AWS configuration information may be provided in any way that works with
`awscli`, e.g. through environment variables or `~/.aws`.

## Recommendations

### Use a read-replica as `SRC`

Per the [AWS
docs](http://docs.aws.amazon.com/AmazonRDS/latest/UserGuide/USER_CreateSnapshot.html),
taking snapshots can cause minor service interruption on the underlying RDS
instance:

> During the backup window, storage I/O may be suspended while your data is
> being backed up and you may experience elevated latency. This I/O suspension
> typically lasts for the duration of the snapshot. This period of I/O
> suspension is shorter for Multi-AZ DB deployments, since the backup is taken
> from the standby, but latency can occur during the backup process.

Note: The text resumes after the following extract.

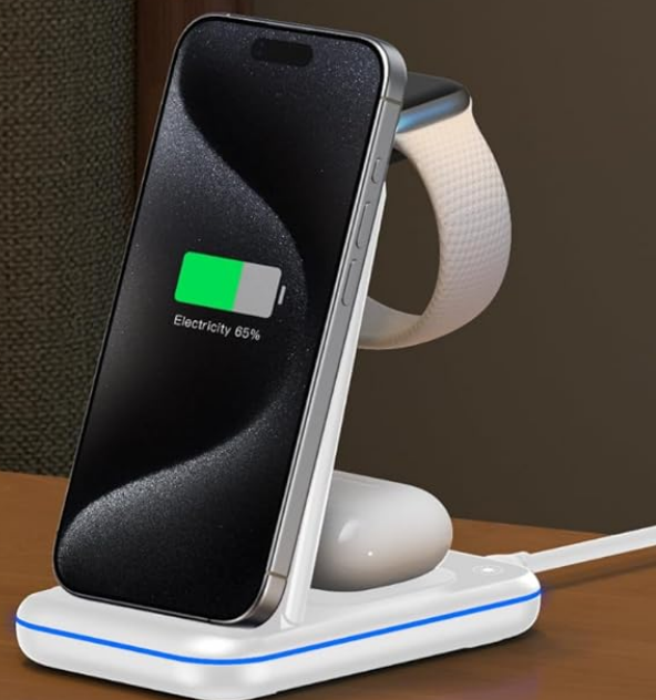
Figure 4: Universal compatibility of the TECKNET 3-in-1 Wireless Charger.

As a result, it's recommended that you aim this tool at a read-replica of
whatever database you want to copy. Read-replicas are easy to configure through
the AWS console.

### Prime the pump before a first run

If you're running this tool for the first time (or even if a considerable
amount of data has been added since the last run), I recommend manually taking
a snapshot of the SRC database beforehand. This is due to how AWS snapshotting
works; the time taken to perform a snapshot is a function of whether other
snapshots exist which contain a sizable subset of that information. So if you
haven't snapshotted in a while, the first snapshot may take a long time.

As you run `rds_cp` more frequently, e.g. on a cron, the time taken for
each run will reduce due to the shrinking size of the snapshot diff.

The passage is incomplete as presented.